Dataset excerpt:
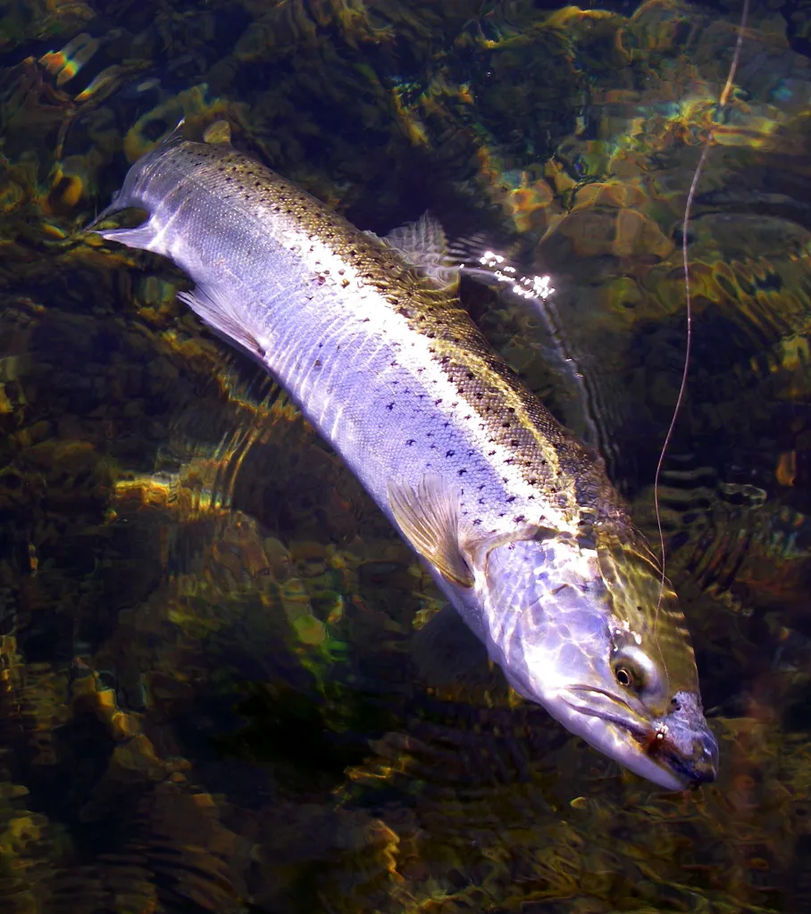 Don't let the silver appearance cheat you. This large and slender fish is obviously a kelt that should have its freedom back as soon as possible
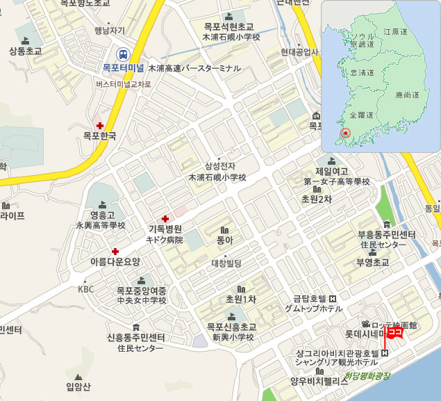 木浦(モッポ)バスターミナルからホテルまでタクシーで5分所要。
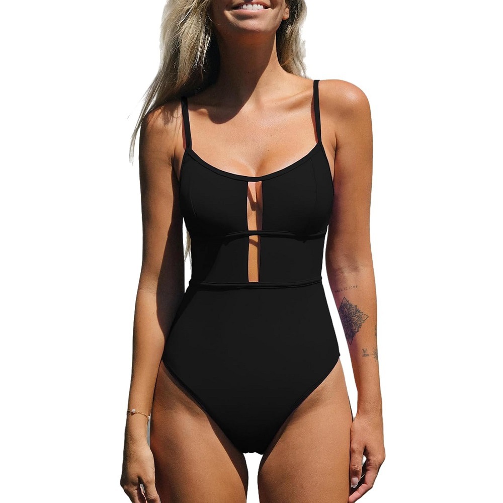 2025速卖通新款泳衣女黑白拼接连体游泳衣纯色时尚性感比基尼泳装

Assignment: Reproduce the material word for word. Skip every picture it holds.

Worked solution:
 Don't let the silver appearance cheat you. This large and slender fish is obviously a kelt that should have its freedom back as soon as possible
 木浦(モッポ)バスターミナルからホテルまでタクシーで5分所要。
 2025速卖通新款泳衣女黑白拼接连体游泳衣纯色时尚性感比基尼泳装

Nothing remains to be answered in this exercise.